_Aim of the exercise_: Of the material below, only the lines from the line containing "(I see what" down to the line containing "据(2018)苏0106民初" belong in the answer, written out exactly.

_Extracted data_:
-*-*-
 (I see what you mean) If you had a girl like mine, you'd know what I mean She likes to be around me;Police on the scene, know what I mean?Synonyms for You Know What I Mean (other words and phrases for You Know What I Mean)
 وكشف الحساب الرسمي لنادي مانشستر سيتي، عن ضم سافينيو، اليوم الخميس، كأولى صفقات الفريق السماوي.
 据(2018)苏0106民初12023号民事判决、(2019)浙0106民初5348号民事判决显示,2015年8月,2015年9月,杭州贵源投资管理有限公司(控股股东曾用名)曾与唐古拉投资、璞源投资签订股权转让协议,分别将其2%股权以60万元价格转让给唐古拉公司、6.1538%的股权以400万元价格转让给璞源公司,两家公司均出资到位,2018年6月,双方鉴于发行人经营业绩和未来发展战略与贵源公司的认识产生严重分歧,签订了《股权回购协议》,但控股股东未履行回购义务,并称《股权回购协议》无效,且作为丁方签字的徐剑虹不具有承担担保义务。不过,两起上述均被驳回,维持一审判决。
-*-*-
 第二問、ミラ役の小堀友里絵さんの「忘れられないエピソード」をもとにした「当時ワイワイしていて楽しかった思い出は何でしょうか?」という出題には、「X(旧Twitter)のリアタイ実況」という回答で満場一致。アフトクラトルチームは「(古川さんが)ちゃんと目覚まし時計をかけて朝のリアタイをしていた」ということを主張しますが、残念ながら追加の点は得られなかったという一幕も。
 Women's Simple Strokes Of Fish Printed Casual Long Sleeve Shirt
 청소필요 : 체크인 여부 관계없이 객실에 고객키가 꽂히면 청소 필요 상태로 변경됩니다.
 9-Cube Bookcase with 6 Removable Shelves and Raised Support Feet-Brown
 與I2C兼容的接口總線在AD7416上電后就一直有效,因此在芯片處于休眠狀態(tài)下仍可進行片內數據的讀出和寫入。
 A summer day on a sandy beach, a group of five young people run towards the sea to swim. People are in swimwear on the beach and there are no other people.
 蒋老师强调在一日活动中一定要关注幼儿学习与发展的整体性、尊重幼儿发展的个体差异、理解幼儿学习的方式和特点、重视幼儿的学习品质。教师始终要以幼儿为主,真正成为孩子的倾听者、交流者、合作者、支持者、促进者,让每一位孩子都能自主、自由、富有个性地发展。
-*-*-
_Solution for this task_:
 (I see what you mean) If you had a girl like mine, you'd know what I mean She likes to be around me;Police on the scene, know what I mean?Synonyms for You Know What I Mean (other words and phrases for You Know What I Mean)
 وكشف الحساب الرسمي لنادي مانشستر سيتي، عن ضم سافينيو، اليوم الخميس، كأولى صفقات الفريق السماوي.
 据(2018)苏0106民初12023号民事判决、(2019)浙0106民初5348号民事判决显示,2015年8月,2015年9月,杭州贵源投资管理有限公司(控股股东曾用名)曾与唐古拉投资、璞源投资签订股权转让协议,分别将其2%股权以60万元价格转让给唐古拉公司、6.1538%的股权以400万元价格转让给璞源公司,两家公司均出资到位,2018年6月,双方鉴于发行人经营业绩和未来发展战略与贵源公司的认识产生严重分歧,签订了《股权回购协议》,但控股股东未履行回购义务,并称《股权回购协议》无效,且作为丁方签字的徐剑虹不具有承担担保义务。不过,两起上述均被驳回,维持一审判决。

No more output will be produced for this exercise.